Christopher Holstege, director of the Blue Ridge center, said it has been concerning to see a rise in children patients who had consumed what they thought was just candy. Calls about adverse reactions to delta-8 spiked from 20 calls in 2020 to 256 within the last 12 months.
“The slope is very much increased over the last couple of years,” Holstege said. “Exposed to these products, it certainly highlights the danger to especially very young children, but also some adverse complications that have occurred for adults too.”
Hanger asserts that legislators needed to take action.
“It will be difficult to rein in this industry because many of the bad actors are making lots of money and, to be fair, there are some good products out there that should remain legal,” Hanger said in a recent email.
He added that it’s possible the bills could be tweaked before the legislature reconvenes in April. Hanger explained the tweaks could deal with topical products not meant for consumption, wholesale processors that sell to the medical market, and “questions about how to deal with hemp products being used to treat medical conditions.”
“For the most part, the bill is in good shape and coupled with the additional enforcement positions that the governor included in the introduced budget, we should be able to get the bad products out of the market — without damaging the market for legitimate hemp based products,” Hanger said.
Until then, Anderson said, people in his industry have been “keyboard warriors” in reaching out to legislators.
Had lawmakers not postponed setting up a legal cannabis market, “none of this would be a problem,” Anderson said.
Court injunction may be sought
After decriminalizing marijuana possession in 2021, the goal of Democrats who then led both chambers of the General Assembly had been to establish a legal recreational market by 2024 — but efforts to create it have failed. While most CBD products don’t produce a high, some customers have turned to delta-8 products if they don’t have medical permission to access marijuana.
What’s more, he and others point to campaign donations from the out-of-state medical marijuana companies that already operate legally in Virginia.

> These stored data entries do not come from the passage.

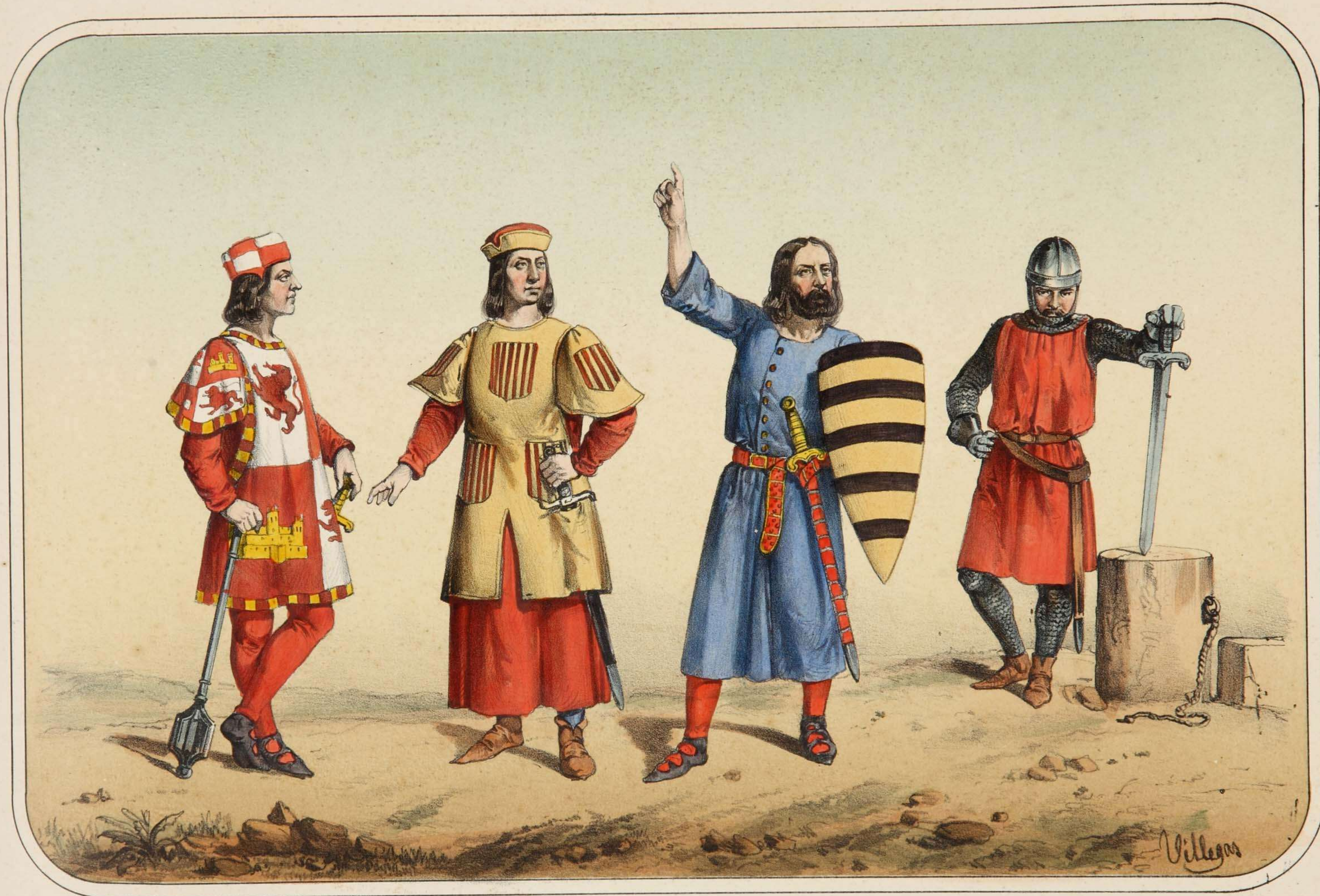
Villegas dibujó y litografió.
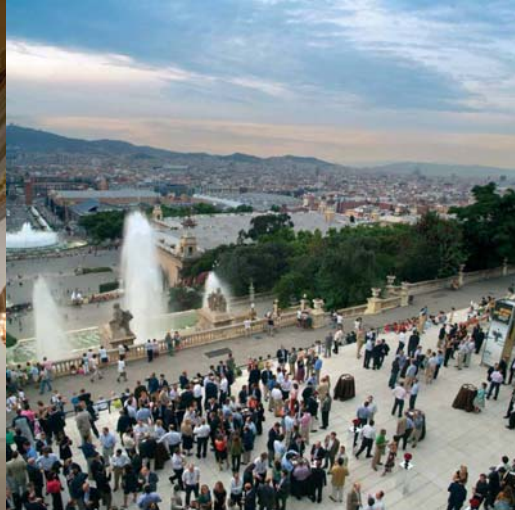
Fotografía del vestíbulo y de la terraza del MNAC. Lugar a realizar el evento PHW
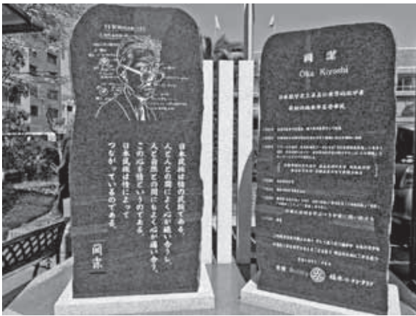
岡潔氏の記念碑（市役所前）

第16条 議員は、資質、政策形成及び立案能力の向上を図るため、研修と調査研究に努めるものとする。

For example, Kilgore, who carried House Bill 2294, received $22,000 from Jushi Inc., which operates dispensaries in Virginia. While a campaign donation doesn’t necessarily mean legislators will act in favor of donors, it can signal potential support.
Amid the failure to set up a legal cannabis market and recent laws targeting hemp, some advocates and entrepreneurs think the legislature is paving the way to create an advantage for medical companies. Redfern of Redfern Hemp Co., points to a Cannabist store (owned by GreenLeaf/Columbia Care) that recently opened on Cary Street in Richmond — across the street from Carytown Tobacco.
Redfern also noted a recent economic impact study. Conducted by Whitney Economics, and backed by members of Virginia’s hemp industry, it notes the nationwide supply chain of the hemp industry and that current sales within hemp businesses in Virginia are estimated to be $1.2 billion with over 4,000 jobs.
While Holstege thinks legislators are “on the right trajectory” with the latest bills, Anderson said there are ways to address consumer protection without overly restricting businesses.
“I think we do need to regulate packaging and testing. Let’s talk about maybe ‘per serving,’ instead of per package. Let’s talk about child safety and labeling,” he said. “We’re on board with all of those things.”
In the meantime, advocates for the hemp market are prepared to seek a court injunction should the governor sign Senate Bill 903 and House Bill 2294 into law as is. A Change.org petition is gathering signatures and a GoFundMe is garnering donations to pay for legal representation.